Nice foam popper pat. How are you shaping them? flame/soldering iron/Heat for the cup?

Foam poppers are pretty handy, never sink, and quick and easy... will whip up a couple right now i think! 

thanks for the inspiration.


----------



## 4weightfanatic (May 19, 2011)

G'Day Levi was just about to post a couple of more pics ...... How do I shape it ? The foam came from a jewellers and was used to protect crystal ornaments so isn't a perfect block shape but I can get one 40 mm cylinder and about 3-5 10-20 mm cylinders out of a block with the leftovers utilised in small gurglers etc. I have an Irish Tin whistle which I have sanded the edges on one end and basically drill it out by pushing and twisting a cylinder out.
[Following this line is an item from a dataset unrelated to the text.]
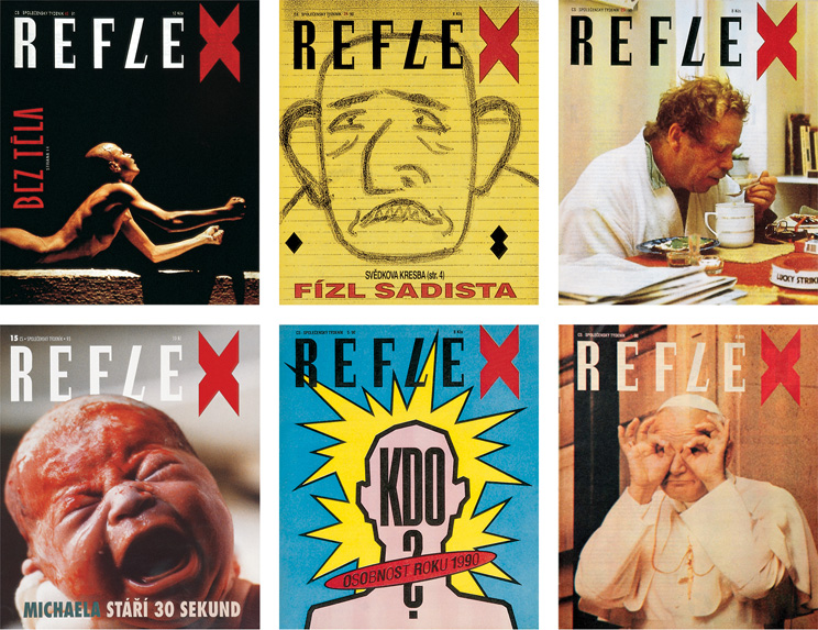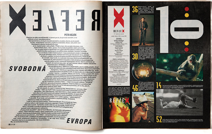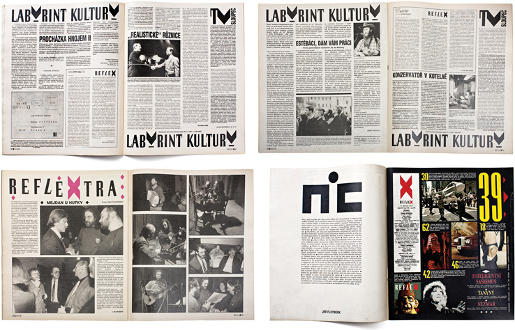 The Reflex typeface was designed by a graphic design team, namely Pavel Beneš, Pavel Lev and Aleš Najbrt, for Reflex, a weekly magazine focusing on social, political and cultural commentary and issues that first went to print in 1990, shortly after the Velvet Revolution.

Hollowing the front out is the last process after the fly is tied as you can hold the fly by the hook bend. I have a cheap $15 soldering iron and just heat it up applying the tip to the centre front and as it starts to melt just work around in slow circles only melting about 3 mm deep. I have tried a couple of different foams and the black stuff which is some sort of EVA seems to melt the best. Here's a couple of pics of the Bearded Burbler (no offence Rexy) a 35 mm foam cylinder with a rabbit zonker on the belly. Firstly I glued the cylinder on a bed of thread then I tied a short bit of rabbit fur on the top of the tail. Next I measured some zonker strip so that I had enough leather to tie in behind the hook eye after pushing the hook point through the leather at the rear. This was glued to the belly before tying off behind the eye. The front of the foam was hollowed out last.














This has had a swim and looks good but decided to add the rubber legs tonight. These legs were replacements for Octo Jigs. I was looking for spinner bait skirts but could only find these at the shop I visited. The purple and black was exactly what I was looking for. Going to give this a swim this coming Sunday if things go to plan. Cheers Pat.


----------